Train and publish your document processing model
After you create your document processing model, you can train, test, and publish it to make it available.
Train and validate your model
Select Next to check your selected form fields. If everything looks good, select Train to train your model.
When training is completed, select Go to Details page on the Training complete screen.
Quick-test your model
On the details page, select Quick test.
You can either drag a document or select Upload from my device to upload your test file. The quick test should only take a few seconds before displaying the results.
Select Start over to run another test, or Close if you're finished.
Troubleshooting tips
If you have trouble training your model, try these suggestions:
If you don't see your training document, go to Training document isn't displayed on the document processing model details page for a possible resolution.
Make sure your data meets the guidelines listed in document processing model requirements and limitations.
Learn how you can improve the performance of your document processing model.
Download sample material and use it for testing.
Publish your model
If you're happy with your model, you can select Publish to publish it. When publishing is complete, your model is promoted as Published and is ready to be used. More information: Publish your model in AI Builder
After publishing your form-processing model, you can use it in a Power Apps canvas app or in Power Automate.
Limitations
Calls made per environment across document processing models, including prebuilt models like receipt processing and invoice processing, are limited to 360 calls per 60 seconds.
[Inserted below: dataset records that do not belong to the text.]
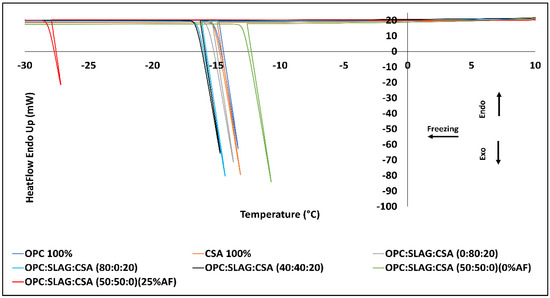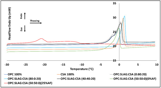 Similarly, upon thawing endothermic peak related to the energy absorption in pores where ice has melted can be seen in Figure 8. The OPC:GGBFS (50:50) paste without admixtures showed a well-defined peak at around 0 °C [30,80]. While all pastes containing CSA cement showed a dominant endothermic peak immediately after 0 °C and a shoulder before it. The OPC:GGBFS (50:50) mix containing 25 wt% of AF showed two peaks forming at different temperatures. This could be related to the geometry of the pore system and the concentration of the dissolved ions [7,13]. The early peak generated during melting could be related to the melting of ice located in finer pores, while the later peak to the ice formed in larger pores [13,81,82]. Melting of ice is a continuous process, but at extreme freezing temperatures, it is limited [5,83].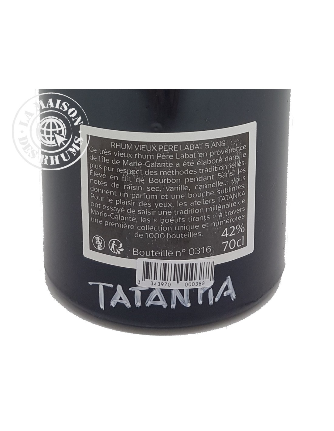 Le Rhum Tatanka Père Labat Vieux Les Bœufs Tirant 42% est un Rhum Vieux Agricole en provenance la distillerie Poisson, où sont produits les Rhums Père Labat. Après fermentation du vesou, ce dernier est distillé en colonne puis le Rhum obtenu est vieilli pendant 5 ans en ex-fûts de Bourbon. Il en résulte un profil aromatique soyeux, aux notes de raisin sec, de cannelle et de vanille.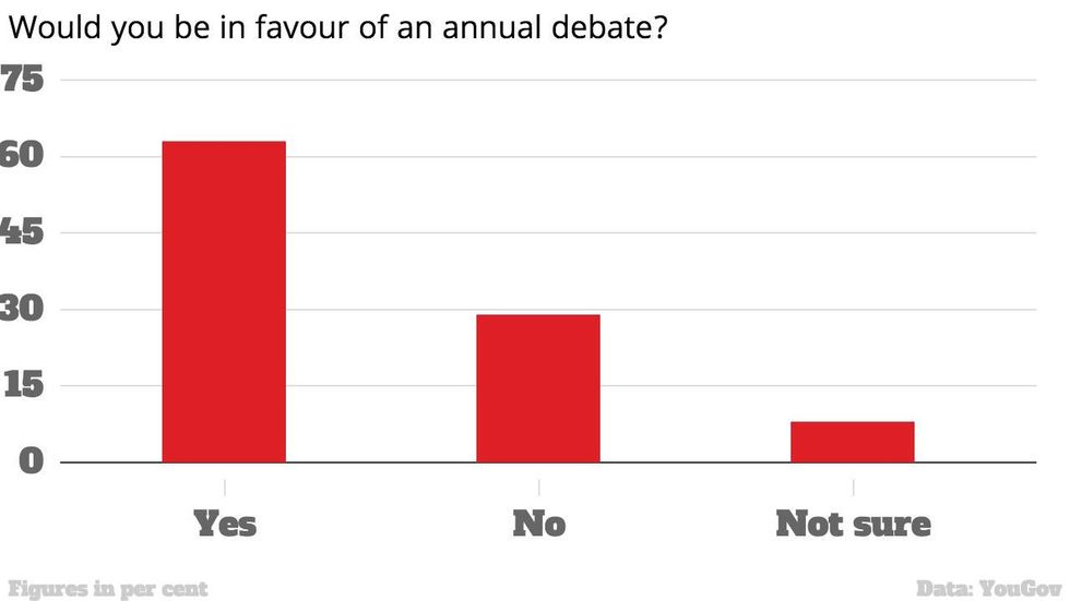 The online survey by YouGov Daily has shown that 63 per cent were in favour of such debates, compared to only 29 per cent opposed.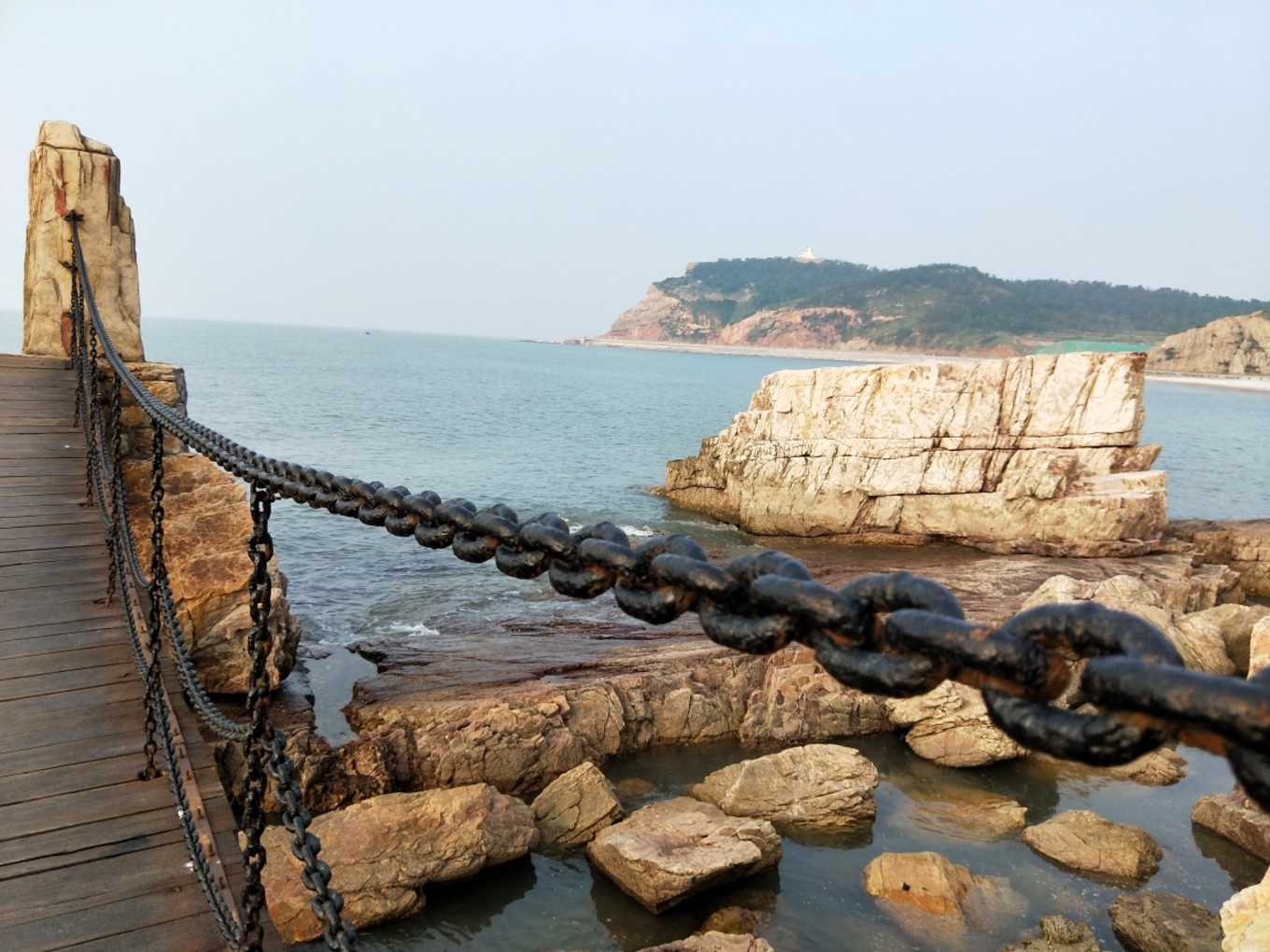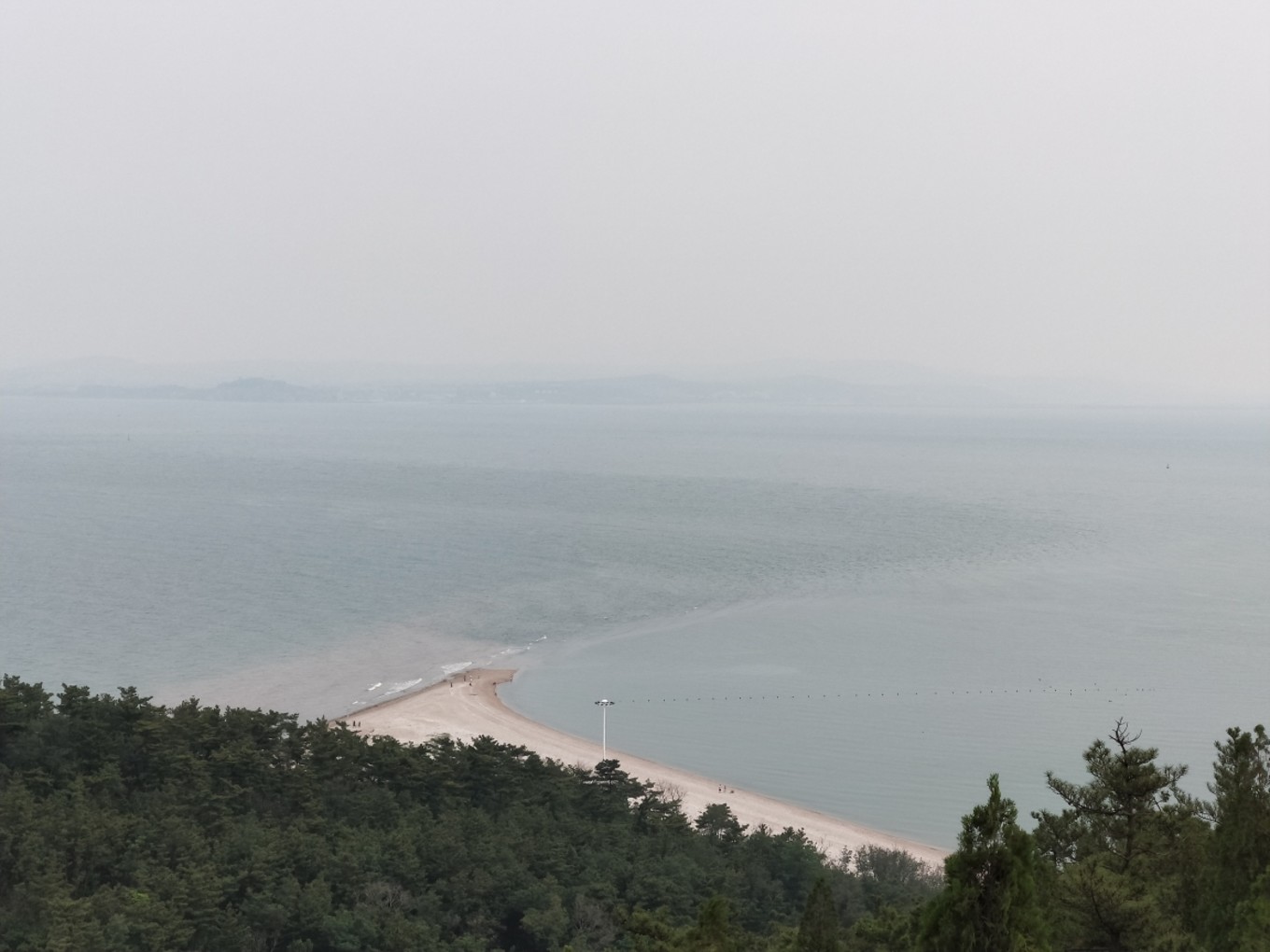 Day2 下午 烽山和林海烽山,主要是在高處觀望黃海和渤海的交匯,一道類似太極的S彎,兩海相交,互相拍打著海浪,但兩個(gè)海水的顏色卻不曾融合!然后,可以下到海灘S彎處,近距離感受黃渤海的深淺交匯!很神奇!

If file processing exceeds 90 seconds during a quick test, you encounter a 408 - Dependency Timeout error. The reason is that the quick test is designed with a 90-second time-out limit. To ensure smooth testing, use files with fewer pages and a smaller size. For larger files, we recommend that you create a Power Automate flow to validate them. The Power Automate flow uses the
Predict
operation, which offers a 60-minute time-out. This makes it ideal for testing large files efficiently.